AI-powered text search
It is not just repetitive data input that takes up a lot of an Analyst’s time, but also the data search itself. Trying to find the right data point in hundreds of pages is sometimes akin to finding a needle in a haystack.
Exerica makes searching easier by filtering raw text in two key ways
- Filtering results that do not refer to any numerical data sets
- Taking account of the structure and hierarchy of numerical data (search for “tax included in operating expenses” or “capex as part of investing activities”)
To get a sense of how this works, think of a simple phrase like “capital expenditure” which can appear in different contexts dozens of times in an annual report. Usually a text search would be of minimal help, and the analyst needs to find the right note or chapter, then look for to the right disclosure, before locating the specific data point they were after.

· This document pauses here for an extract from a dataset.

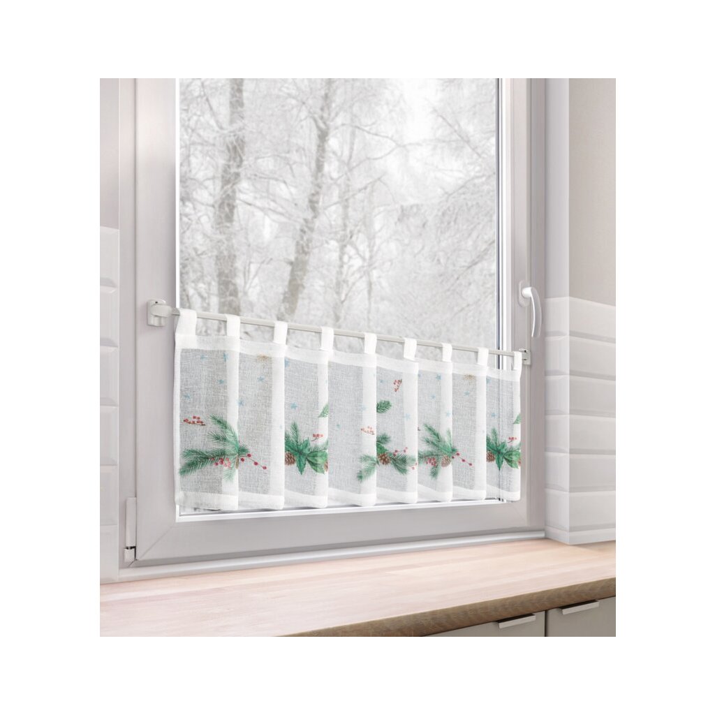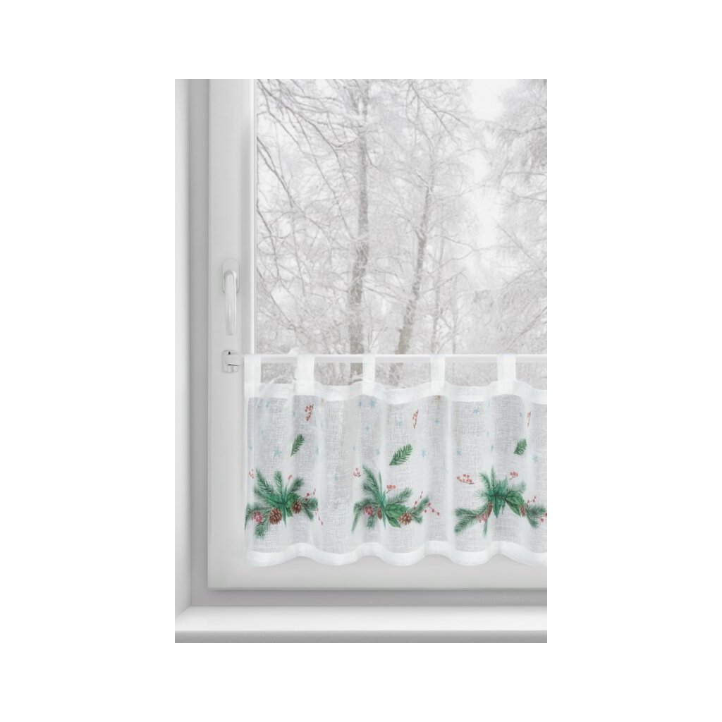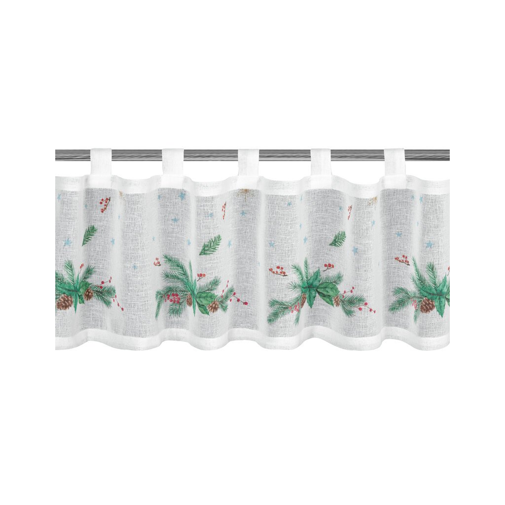 Bílá vitrážová záclona s potiskem vánočních větviček na ouškách XMAS 150x30 cm

An ordinary data search for most analysts can be far more complex, and they almost always involve the hierarchy of the data being presented, and the structure of the document. For example, an analyst may be looking specifically for taxes reported as part of company operating expenses (a.k.a ‘taxes other than income tax’) or for CapEx disclosed specifically in the cash flow statement. Such search requests would normally take minutes rather than seconds, with analysts having to go through the entire document and look through various disclosures before getting to the right place, and the right piece of data.
Exerica does this for the analyst. It restores the original document and data structure, and processes complex analytical requests in exactly the same way analysts seek data.